Action item —
Transcribe the listing below exactly, from its first line through the line with "批次 | 最低分 | 位次 |". Omit the pictures.

Dataset excerpt —
—————
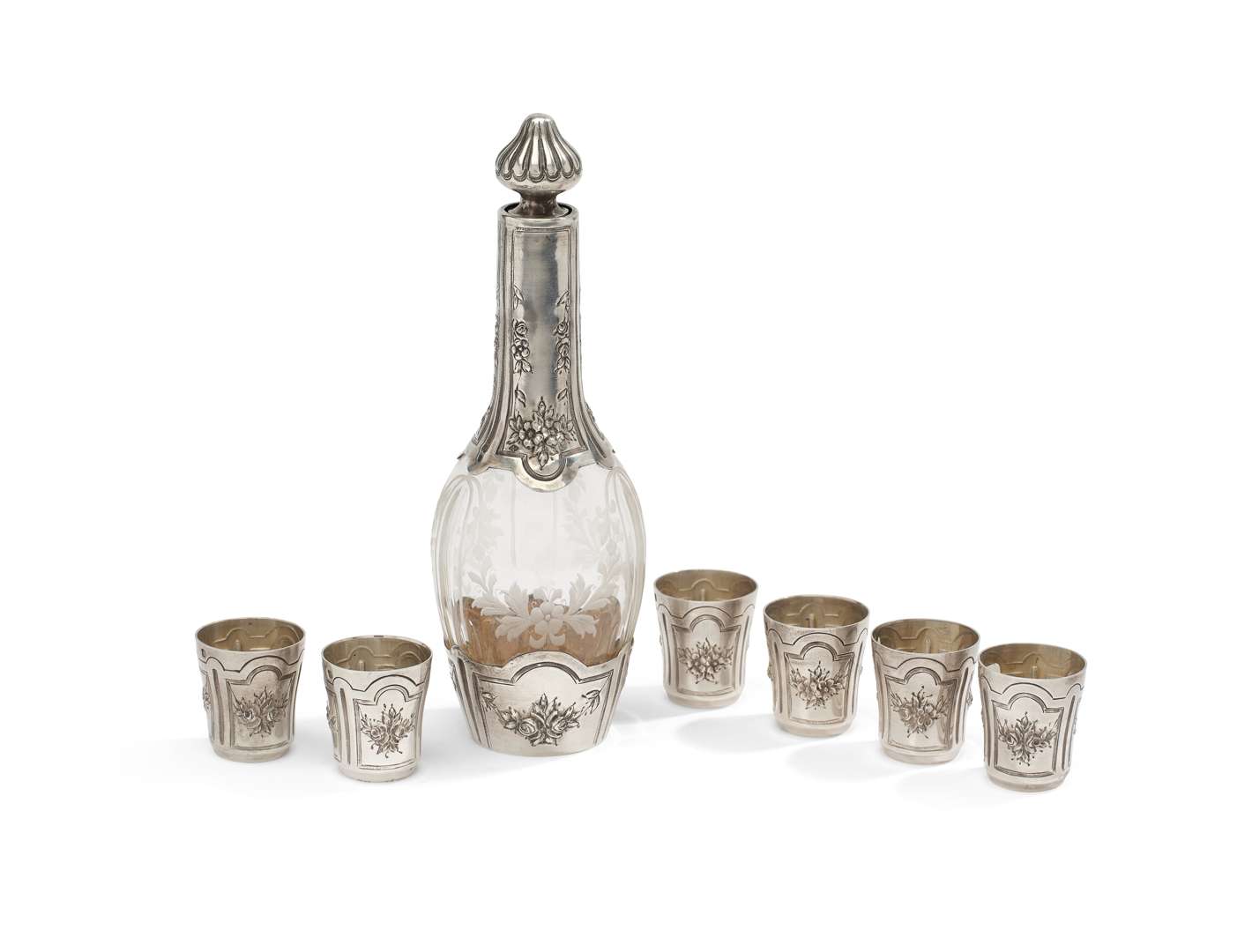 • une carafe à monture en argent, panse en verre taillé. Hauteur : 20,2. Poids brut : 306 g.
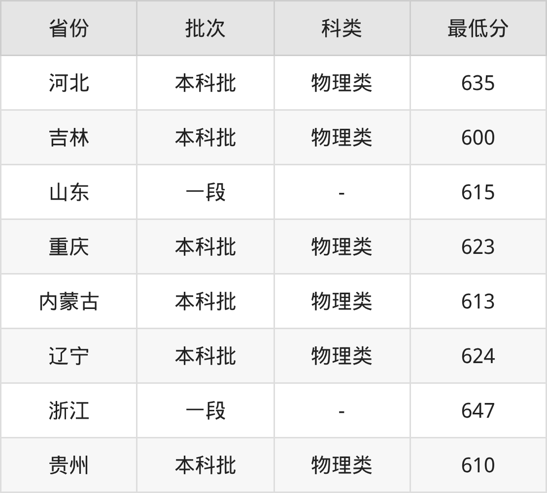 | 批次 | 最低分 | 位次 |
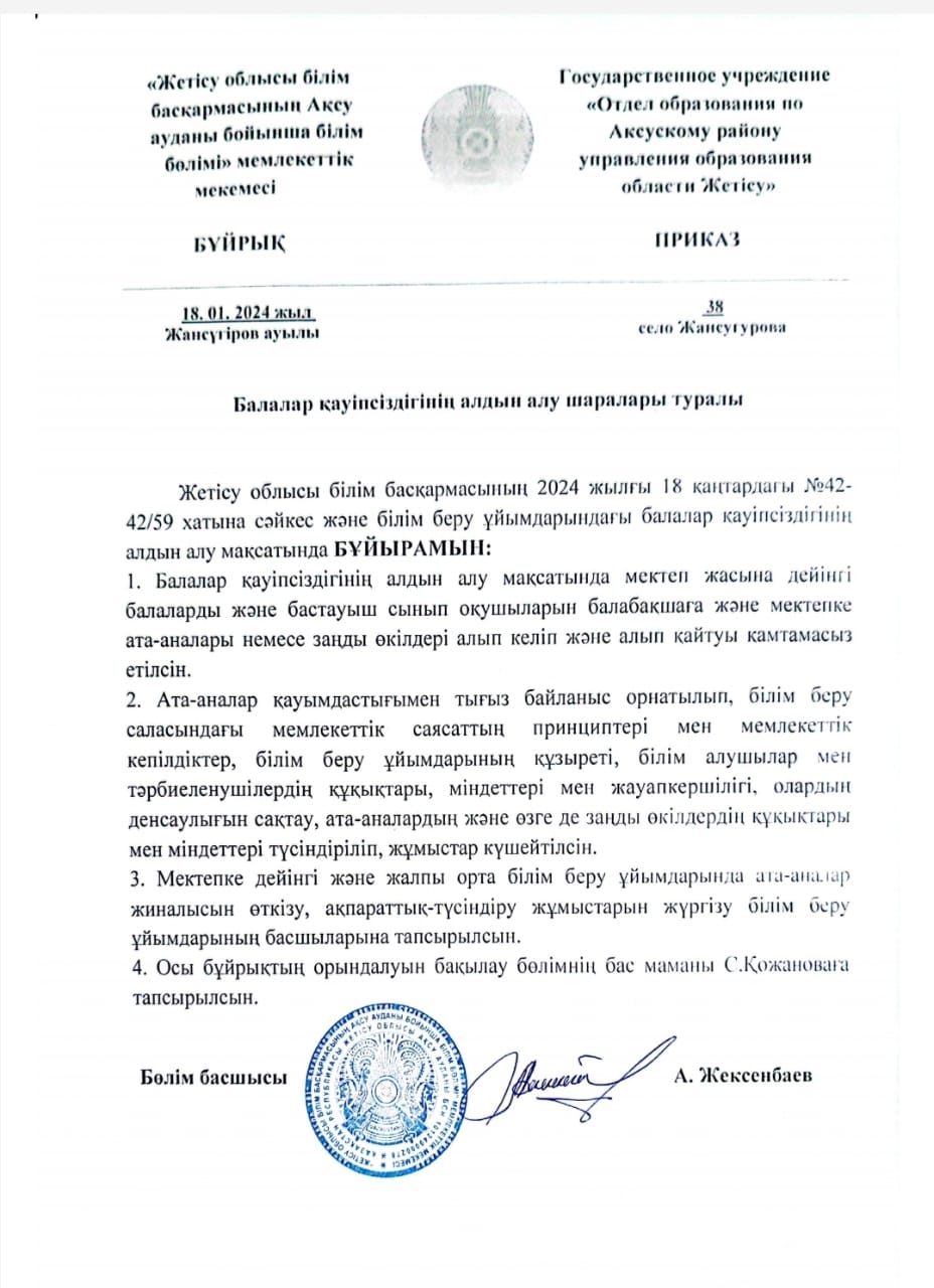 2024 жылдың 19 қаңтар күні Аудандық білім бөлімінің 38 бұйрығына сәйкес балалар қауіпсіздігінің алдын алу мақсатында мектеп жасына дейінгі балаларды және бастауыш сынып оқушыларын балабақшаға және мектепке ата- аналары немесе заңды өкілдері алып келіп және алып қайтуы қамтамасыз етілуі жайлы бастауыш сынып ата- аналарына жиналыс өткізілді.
—————
Exercise response —
 • une carafe à monture en argent, panse en verre taillé. Hauteur : 20,2. Poids brut : 306 g.
 | 批次 | 最低分 | 位次 |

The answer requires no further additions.